Text Data Clustering Using Python

The Twitter Data from Hashtags #NHL, #NHLNews, #NHLFantasy were analyzed in Python using different clustering methods.


Link to the Code


Link to Dataset

Word CLoud of Data

Steps Taken

Step 1: Using Different Methods to Determine Nunber of Clusters

the elbow method and the silhouette method were applied to the data to determine the correct number of clusters.

The Elbow Method is a method in which the explained variation is plotted as a function of the number of clusters. It gets its name of the elbow methid because the number of clusters is chosen by looking at the "elbow" of the graph.
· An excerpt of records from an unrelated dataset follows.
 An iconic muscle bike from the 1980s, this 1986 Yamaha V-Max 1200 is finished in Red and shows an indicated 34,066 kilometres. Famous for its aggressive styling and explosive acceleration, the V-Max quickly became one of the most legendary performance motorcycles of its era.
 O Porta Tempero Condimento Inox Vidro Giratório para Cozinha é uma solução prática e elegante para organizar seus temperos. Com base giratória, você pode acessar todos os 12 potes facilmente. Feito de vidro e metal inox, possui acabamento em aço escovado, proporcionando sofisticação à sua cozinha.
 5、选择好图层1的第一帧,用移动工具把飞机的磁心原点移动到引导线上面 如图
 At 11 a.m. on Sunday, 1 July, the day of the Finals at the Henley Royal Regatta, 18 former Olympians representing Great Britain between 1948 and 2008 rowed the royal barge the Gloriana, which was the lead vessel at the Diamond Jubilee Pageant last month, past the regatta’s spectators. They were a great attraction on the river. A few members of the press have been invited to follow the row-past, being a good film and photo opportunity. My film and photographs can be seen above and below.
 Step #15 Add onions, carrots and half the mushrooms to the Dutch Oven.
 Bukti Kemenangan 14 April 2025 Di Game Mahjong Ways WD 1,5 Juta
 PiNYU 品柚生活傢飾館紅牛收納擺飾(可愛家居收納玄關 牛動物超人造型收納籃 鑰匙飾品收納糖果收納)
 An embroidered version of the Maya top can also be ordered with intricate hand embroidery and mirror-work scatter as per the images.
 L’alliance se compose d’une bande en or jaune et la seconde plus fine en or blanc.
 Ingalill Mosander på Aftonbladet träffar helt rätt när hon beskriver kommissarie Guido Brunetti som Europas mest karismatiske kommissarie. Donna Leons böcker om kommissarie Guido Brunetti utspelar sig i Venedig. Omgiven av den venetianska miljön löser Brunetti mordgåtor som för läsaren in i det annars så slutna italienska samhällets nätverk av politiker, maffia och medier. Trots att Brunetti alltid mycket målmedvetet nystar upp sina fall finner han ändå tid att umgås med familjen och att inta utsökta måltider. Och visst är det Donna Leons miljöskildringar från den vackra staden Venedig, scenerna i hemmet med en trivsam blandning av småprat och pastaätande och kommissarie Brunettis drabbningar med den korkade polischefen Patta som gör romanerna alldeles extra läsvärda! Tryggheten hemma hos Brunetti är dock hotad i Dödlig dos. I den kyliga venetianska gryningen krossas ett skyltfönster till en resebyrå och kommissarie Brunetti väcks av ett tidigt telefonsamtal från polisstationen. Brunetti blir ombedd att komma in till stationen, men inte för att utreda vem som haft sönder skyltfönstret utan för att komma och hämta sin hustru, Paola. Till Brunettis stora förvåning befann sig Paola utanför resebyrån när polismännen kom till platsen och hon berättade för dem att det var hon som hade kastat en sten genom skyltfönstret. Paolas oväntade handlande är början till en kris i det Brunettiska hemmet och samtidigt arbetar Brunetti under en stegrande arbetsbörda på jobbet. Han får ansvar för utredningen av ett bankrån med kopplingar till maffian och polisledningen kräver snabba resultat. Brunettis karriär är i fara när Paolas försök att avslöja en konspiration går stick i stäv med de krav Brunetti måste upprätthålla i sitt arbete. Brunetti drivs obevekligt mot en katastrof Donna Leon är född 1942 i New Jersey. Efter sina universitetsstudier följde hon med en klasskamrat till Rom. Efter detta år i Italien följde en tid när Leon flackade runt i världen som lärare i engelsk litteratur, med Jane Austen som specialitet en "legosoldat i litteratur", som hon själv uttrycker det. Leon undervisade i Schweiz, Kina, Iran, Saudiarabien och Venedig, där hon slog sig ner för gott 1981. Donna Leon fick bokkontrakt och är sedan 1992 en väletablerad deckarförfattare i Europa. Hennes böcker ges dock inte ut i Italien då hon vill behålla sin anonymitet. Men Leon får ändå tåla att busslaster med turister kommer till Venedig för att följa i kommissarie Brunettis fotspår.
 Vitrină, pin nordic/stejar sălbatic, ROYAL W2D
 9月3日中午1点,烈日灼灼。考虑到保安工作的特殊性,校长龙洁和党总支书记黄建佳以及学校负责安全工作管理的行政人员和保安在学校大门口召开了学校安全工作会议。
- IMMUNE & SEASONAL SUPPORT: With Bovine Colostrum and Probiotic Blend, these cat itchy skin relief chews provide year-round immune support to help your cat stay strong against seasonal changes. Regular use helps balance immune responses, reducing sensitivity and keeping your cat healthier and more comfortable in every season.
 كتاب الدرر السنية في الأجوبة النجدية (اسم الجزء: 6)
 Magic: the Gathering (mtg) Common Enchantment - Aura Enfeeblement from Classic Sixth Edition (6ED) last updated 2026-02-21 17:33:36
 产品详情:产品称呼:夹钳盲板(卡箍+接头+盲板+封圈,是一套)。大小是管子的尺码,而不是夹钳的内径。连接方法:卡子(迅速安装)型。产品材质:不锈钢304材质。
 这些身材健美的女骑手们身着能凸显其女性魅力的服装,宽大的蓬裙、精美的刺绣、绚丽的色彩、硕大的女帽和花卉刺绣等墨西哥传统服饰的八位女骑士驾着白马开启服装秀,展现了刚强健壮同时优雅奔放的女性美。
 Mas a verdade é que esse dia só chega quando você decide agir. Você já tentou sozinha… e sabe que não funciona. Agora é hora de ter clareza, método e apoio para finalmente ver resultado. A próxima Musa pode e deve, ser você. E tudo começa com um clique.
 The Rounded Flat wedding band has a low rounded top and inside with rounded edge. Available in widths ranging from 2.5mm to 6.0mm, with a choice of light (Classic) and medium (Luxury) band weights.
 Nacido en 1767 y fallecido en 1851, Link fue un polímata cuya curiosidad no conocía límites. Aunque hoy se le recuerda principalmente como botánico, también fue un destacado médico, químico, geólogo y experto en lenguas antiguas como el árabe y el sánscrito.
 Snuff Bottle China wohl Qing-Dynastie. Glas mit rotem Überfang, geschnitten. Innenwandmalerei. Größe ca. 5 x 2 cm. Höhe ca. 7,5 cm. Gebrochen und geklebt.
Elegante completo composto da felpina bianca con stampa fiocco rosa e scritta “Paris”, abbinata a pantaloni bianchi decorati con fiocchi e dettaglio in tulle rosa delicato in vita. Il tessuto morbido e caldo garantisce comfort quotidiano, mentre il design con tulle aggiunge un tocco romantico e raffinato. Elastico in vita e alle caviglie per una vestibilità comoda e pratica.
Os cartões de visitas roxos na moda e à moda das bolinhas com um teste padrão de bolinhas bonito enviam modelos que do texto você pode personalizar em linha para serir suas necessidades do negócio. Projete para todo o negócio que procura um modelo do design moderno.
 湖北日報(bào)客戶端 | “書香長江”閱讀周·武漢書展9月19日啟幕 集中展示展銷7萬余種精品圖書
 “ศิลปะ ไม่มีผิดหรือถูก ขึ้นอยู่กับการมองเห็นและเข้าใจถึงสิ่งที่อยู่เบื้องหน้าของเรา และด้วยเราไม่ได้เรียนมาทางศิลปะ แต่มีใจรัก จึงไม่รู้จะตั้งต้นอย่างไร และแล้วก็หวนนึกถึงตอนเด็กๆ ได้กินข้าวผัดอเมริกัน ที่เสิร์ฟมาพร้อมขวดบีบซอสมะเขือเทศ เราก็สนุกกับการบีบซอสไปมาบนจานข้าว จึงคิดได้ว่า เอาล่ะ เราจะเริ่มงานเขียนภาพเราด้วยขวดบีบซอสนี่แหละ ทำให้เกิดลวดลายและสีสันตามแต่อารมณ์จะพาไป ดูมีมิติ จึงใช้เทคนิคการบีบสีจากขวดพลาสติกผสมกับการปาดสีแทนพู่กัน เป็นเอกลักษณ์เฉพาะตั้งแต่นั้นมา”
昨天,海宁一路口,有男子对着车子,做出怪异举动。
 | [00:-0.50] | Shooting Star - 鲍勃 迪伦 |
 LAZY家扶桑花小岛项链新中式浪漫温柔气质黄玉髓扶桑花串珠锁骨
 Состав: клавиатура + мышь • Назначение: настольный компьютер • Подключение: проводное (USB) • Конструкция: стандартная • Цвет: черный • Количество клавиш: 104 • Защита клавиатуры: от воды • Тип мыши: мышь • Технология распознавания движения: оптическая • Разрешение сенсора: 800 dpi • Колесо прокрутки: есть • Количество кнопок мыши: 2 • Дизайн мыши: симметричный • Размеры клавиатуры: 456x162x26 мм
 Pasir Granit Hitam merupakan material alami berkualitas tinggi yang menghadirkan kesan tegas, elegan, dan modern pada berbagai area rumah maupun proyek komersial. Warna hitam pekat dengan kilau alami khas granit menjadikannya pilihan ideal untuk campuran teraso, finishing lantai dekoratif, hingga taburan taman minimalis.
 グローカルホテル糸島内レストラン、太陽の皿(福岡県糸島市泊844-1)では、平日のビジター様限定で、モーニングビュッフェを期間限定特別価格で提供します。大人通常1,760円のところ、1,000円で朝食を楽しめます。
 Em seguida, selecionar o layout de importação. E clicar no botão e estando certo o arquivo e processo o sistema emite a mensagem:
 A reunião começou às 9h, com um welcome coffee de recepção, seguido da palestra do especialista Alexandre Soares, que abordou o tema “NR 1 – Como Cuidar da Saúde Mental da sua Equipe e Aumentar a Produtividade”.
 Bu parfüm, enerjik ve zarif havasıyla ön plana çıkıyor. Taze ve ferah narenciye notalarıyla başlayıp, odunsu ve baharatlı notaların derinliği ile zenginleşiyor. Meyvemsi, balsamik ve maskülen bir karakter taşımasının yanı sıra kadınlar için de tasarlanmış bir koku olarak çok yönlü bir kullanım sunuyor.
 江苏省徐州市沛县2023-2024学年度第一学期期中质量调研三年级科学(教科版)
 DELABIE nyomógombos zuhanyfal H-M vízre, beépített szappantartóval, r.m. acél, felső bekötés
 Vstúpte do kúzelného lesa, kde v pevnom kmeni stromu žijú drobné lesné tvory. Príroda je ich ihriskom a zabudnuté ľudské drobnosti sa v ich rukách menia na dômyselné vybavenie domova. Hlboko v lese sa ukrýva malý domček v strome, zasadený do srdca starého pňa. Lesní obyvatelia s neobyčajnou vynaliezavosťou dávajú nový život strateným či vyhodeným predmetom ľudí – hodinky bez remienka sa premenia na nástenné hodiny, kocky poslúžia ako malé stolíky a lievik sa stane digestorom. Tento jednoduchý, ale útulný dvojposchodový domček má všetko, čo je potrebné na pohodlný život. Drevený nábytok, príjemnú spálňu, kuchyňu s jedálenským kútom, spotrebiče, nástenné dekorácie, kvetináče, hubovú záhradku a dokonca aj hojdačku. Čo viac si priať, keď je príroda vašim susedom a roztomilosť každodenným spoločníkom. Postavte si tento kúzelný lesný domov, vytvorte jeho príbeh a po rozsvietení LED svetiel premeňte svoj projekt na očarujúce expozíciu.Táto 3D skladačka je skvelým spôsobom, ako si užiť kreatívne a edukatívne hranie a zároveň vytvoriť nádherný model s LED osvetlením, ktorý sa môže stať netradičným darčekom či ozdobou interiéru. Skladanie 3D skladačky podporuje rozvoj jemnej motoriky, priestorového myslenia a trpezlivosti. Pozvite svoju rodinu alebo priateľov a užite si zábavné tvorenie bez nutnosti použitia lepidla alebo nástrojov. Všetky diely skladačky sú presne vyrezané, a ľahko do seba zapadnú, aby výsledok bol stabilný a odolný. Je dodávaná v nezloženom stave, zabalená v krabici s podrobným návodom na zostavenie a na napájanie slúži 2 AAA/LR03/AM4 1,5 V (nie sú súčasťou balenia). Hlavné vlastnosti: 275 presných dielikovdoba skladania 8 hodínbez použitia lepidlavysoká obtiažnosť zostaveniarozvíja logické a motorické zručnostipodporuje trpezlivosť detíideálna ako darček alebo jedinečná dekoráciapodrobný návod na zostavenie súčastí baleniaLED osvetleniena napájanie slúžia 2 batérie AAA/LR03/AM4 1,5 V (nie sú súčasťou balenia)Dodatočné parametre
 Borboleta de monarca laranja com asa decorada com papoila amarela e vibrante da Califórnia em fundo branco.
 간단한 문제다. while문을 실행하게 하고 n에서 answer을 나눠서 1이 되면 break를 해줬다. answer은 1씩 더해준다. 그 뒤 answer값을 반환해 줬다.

As seen above, the graph shows that the correct number of clustes for this data is 2.

The silhouette method measures how similar an object is to its own and other clusters and then the results are plotted.
The closer it is to one, then the more accurate the number of clusters.
As seen above the graph shows that the number is 2 clusters which confirms the results of the elbow method.

Step 2: Calculating Kmeans

Next the kmeans is calculated from the number of clusters chosen by the elbow and silhouette method, and then plotted as seen above.
PCA was used to plot due to the high dimensionality of the data, which projects the original data into a reduced space using eigenvectors of the covariance matrix.
This allows for a plot to be formed from high dimensional data as seen above.
The two clusters show a trend where majority are in one cluster while the other has a few points which does not coincide with the predictions.

Step 3: DBScan

DBscan was applied to data set and plotted above. DBscan is a method that ignores noise while searching for high density clusters of points and expanding from those.
Using this method produced similar results to the kmeans clustering in which majority of the data was in one cluster.

Step 4: Hierachical Clustering


The data set was clustered using hierarchical clustering employing the euclidean method and then plotted using a dendrogram as seen above.
The results show that majority of the tweets belong to one cluster which is consistent with the other clustering methods.

Summary

After clustering, the results showed that majority of the tweets bellonged to one cluster which was against what was predicted. Since the tweets were gathered using three different hastags and with the same numbers for each hastag, we predicted that there would be three clusters with three distributions. Reasons why this might be the case is bnecause using only one hastag is not specific enough to form trends in the tweets, thus giving our results. New methods of collection will be examined after these results.